Recent isotope analysis of tooth enamel from a grave found in nearby Boscombe in 2003 suggests that the archer was not the only visitor from afar. Seven of the grave’s occupants may have spent part of their early lives in Wales, the source of the bluestones. And last year Jane Evans of the British Geological Survey reported that similar tests on the remains of a teenager discovered nearby in 2005 appear to suggest that he came from a warmer, Mediterranean climate, although there are still question marks over the interpretation of the data.

The Lourdes theory, like all Stonehenge theories, has it doubters. The strongest argument against it is that there is insufficient evidence to back the idea that a disproportionate number of human remains found in the area show signs of trauma. Substantiating that point would require a far larger sample of bones. Yet even if further discoveries do indeed bolster the Lourdes hypothesis, they will not necessarily weaken Parker Pearson’s case, because the theories are not mutually incompatible. No doubt over the course of 5,000 years people used the site for different purposes and regarded it in different ways.

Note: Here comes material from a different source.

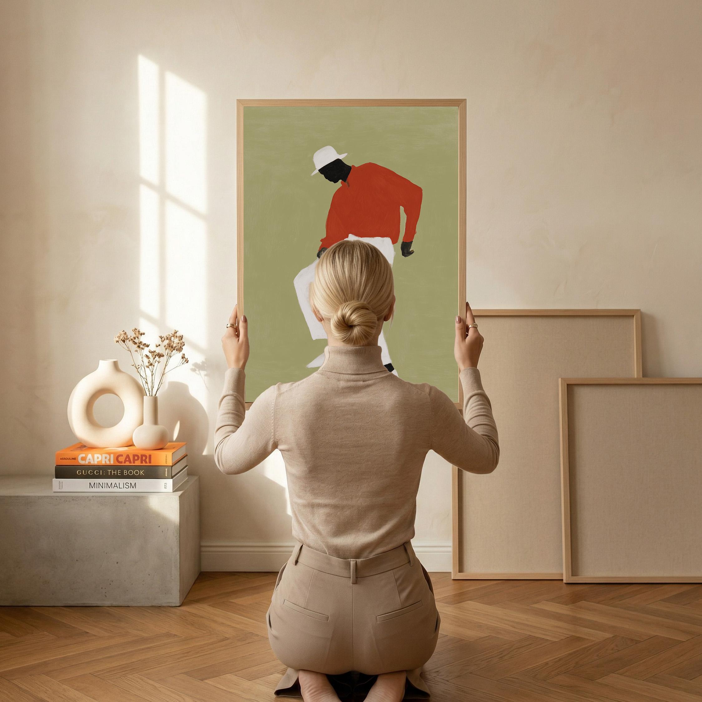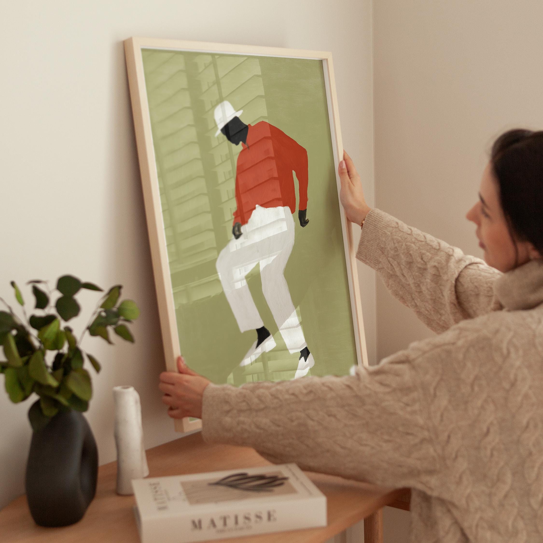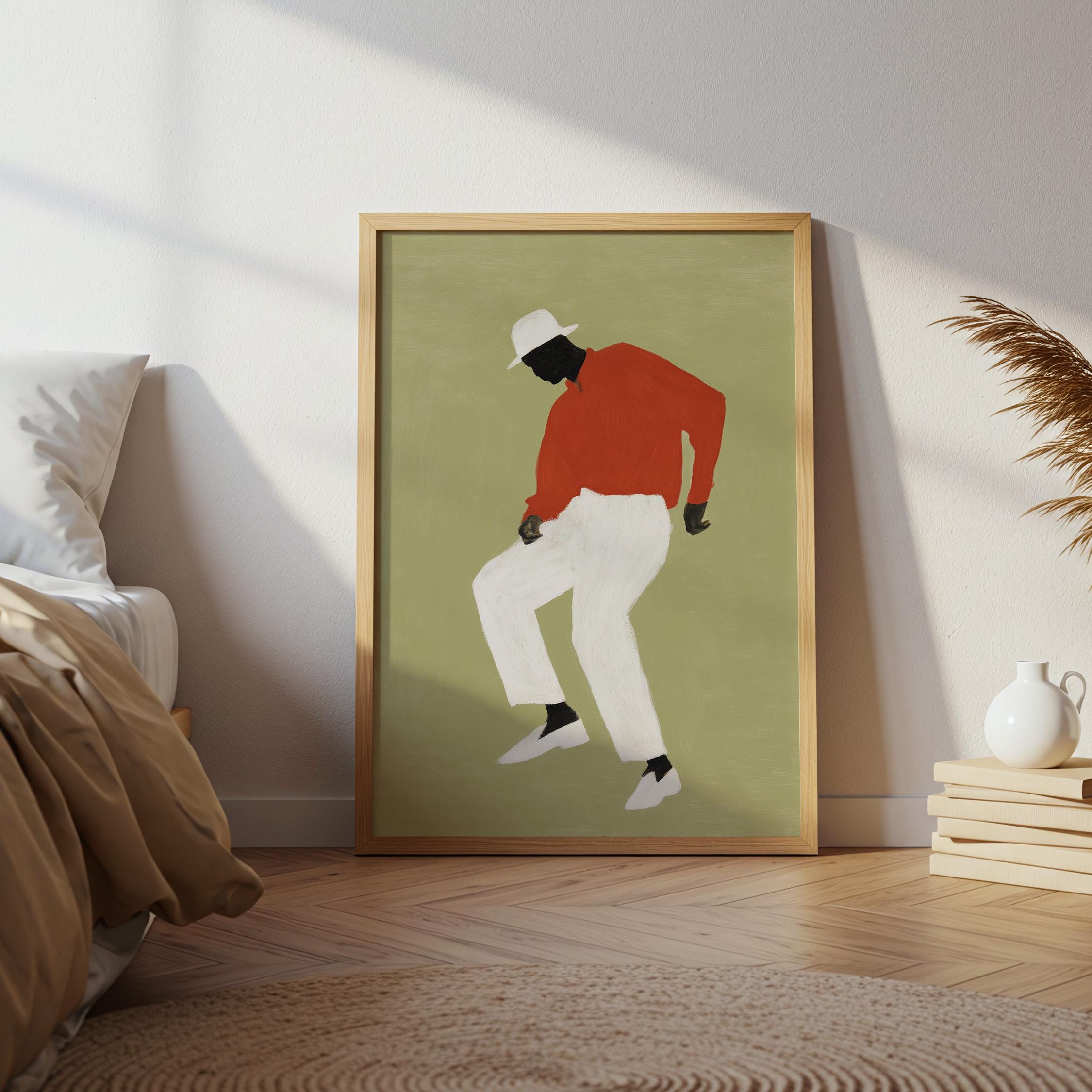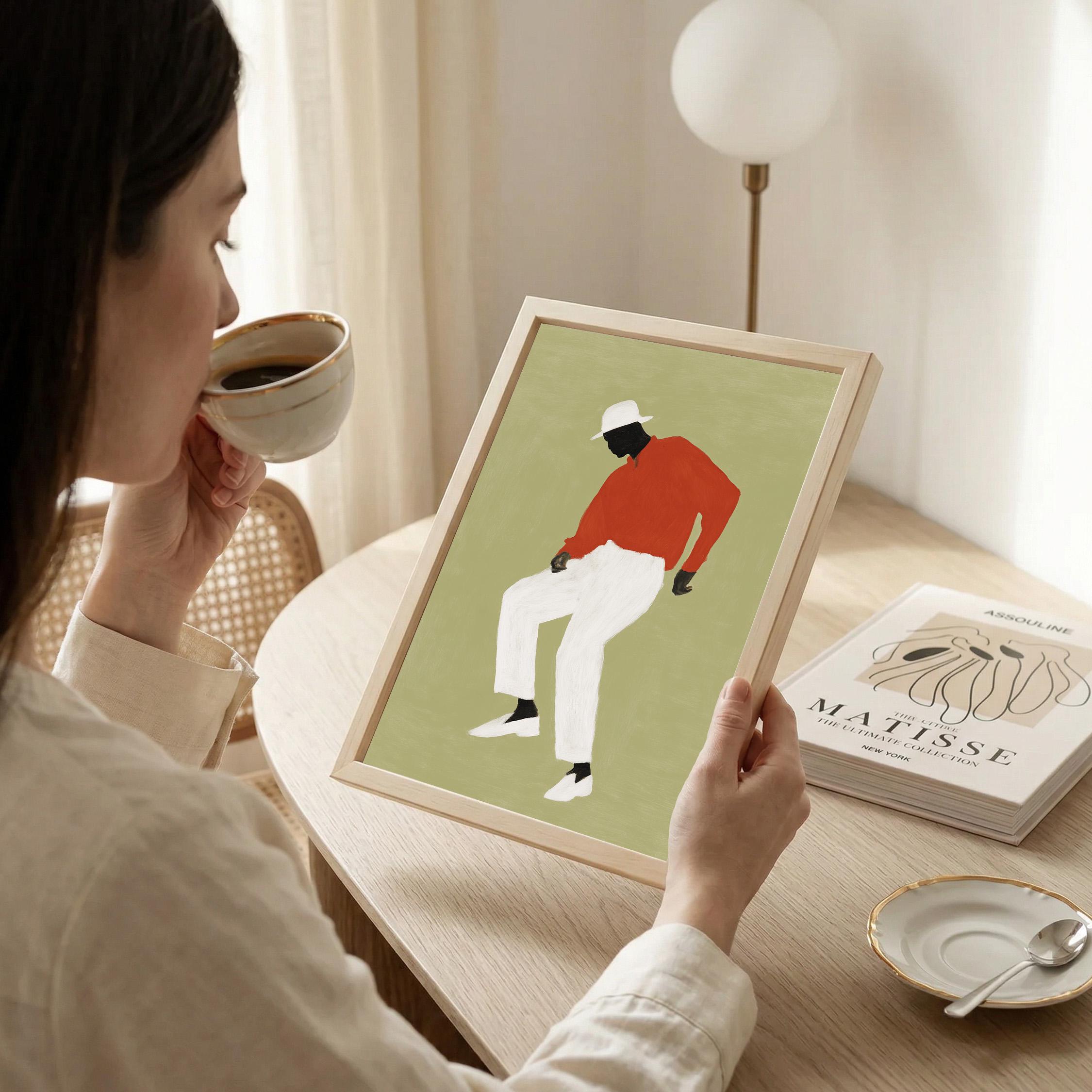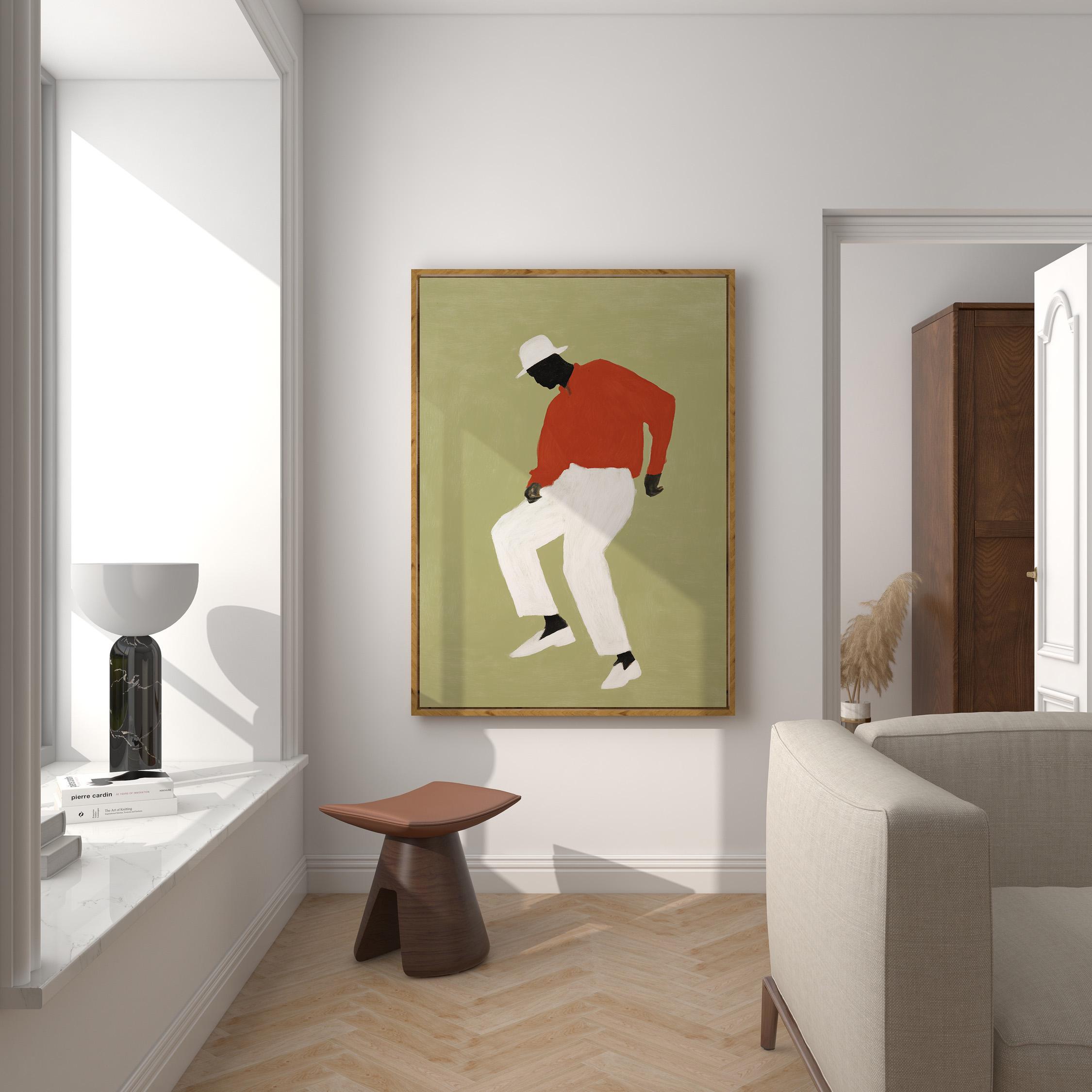 Black man dancing wall art print with a simple figure on a sage green background. Works well in a living room, office, or music space. It gives the room a relaxed and expressive feel.

Despite all the new finds, much about Stonehenge remains a mystery. The peoples of the Stone Age have left scant clues as to their beliefs or how they lived their lives. But archaeologists, equipped with new technology, will not abandon the challenge. This year English Heritage, the state body that controls the site, hopes to conduct a laser scan of the stones, searching for telltale scratch marks and graffiti. And Parker Pearson is analyzing animal bones found at Durrington Walls as part of the Feeding Stonehenge project, looking exactly at how the people who built the stone circle lived, what they ate and where they came from. Meanwhile Gaffney’s own high-tech trawl, covering more than five square miles, will in time yield the first comprehensive picture of what lies underneath the soil. More revelations seem certain to come. Stonehenge, Gaffney says, appears to be part of a “complex multitude of monuments.” Complex but perhaps not impervious to scientific scrutiny.